In 1997, the Collaborative Group on Hormonal Factors in Breast Cancer combined the results of 51 studies on hormone replacement therapy and found that the risk of having breast cancer diagnosed is increased among women using hormone replacement therapy and increases with longer duration of use.22 More recent case-control studies indicate that hormone replacement therapy use is particularly related to lobular breast cancer.23, 24, 25 One study showed that women who used or had been using hormone replacement therapy for more than 57 months in the past 5 years had a 3-fold increased risk of developing invasive lobular carcinoma and a 1.5-fold increased risk of developing invasive ductal carcinoma compared to women who never used hormone replacement therapy.23 The risk of developing invasive lobular carcinoma was particularly high among women using combined hormone replacement therapy (containing both estrogen and progesterone) for more than 11 months.25 Their risk of developing invasive lobular carcinoma was increased 6-fold compared to women not using hormone replacement therapy, while their risk of developing invasive ductal cancer was not significantly increased. Likewise, Li et al.24 reported that users of combined hormone replacement therapy were at a 2.6-fold increased risk of developing invasive lobular carcinoma but that their risk of developing invasive ductal cancer remained unchanged.

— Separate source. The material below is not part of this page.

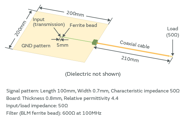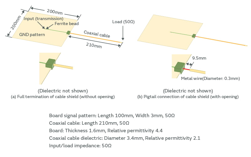 The simulation model is shown in Figure 3-1. We cut the board to align its edge with the end of the signal pattern, and connected a shielded cable. We set the characteristic impedance of the shielded cable to 50Ω, and used a 50Ω termination in the cable. We prepared four different models. One model did not have a cable, and the other three had cable lengths of 110mm, 210mm, and 410mm.

Our study provides descriptive data that strongly suggest a role of hormone replacement therapy in the lobular cancer increase. The risk of invasive lobular carcinoma remained stable among women who went through menopause before or around 1975, a period in which the use of hormone replacement therapy was quite uncommon. The risk of lobular carcinoma increased markedly for the generation who went through menopause between 1975 and 1995, a period in which hormone replacement therapy was introduced and increasingly prescribed in Geneva. The incidence of invasive lobular carcinoma was extremely high for women born after 1944 who went through menopause after 1995 and are very likely to have received hormone replacement therapy.

An increase in lobular breast cancer incidence could have several clinical implications. Firstly, lobular carcinomas are relatively more difficult to diagnose mammographically and therefore more likely to be escape mammographic detection.3 In addition, many of the prognostic factors (e.g., nuclear grade, lymphatic vessel invasion, hormone receptor status) used in ductal carcinoma may not be applicable to invasive lobular carcinoma.26 Invasive lobular carcinoma also tends to have different metastatic patterns compared to other breast tumors. Invasive lobular carcinoma has a higher probability of metastasizing to bone, gastrointestinal, genitourinary and endocrine tissues, whereas the incidence of lung and pleural metastases is lower.3

Our study demonstrates that the risk of invasive lobular breast cancer increased disproportionately among the female Geneva population. Additional studies are needed to study the cause of this increase, in particular the role played by hormone replacement therapy.


We thank Mr. L. Raymond and Mr. P. Pury for their expertise in age-period-cohort analyses and Mrs. S. Blagojevic for editorial assistance.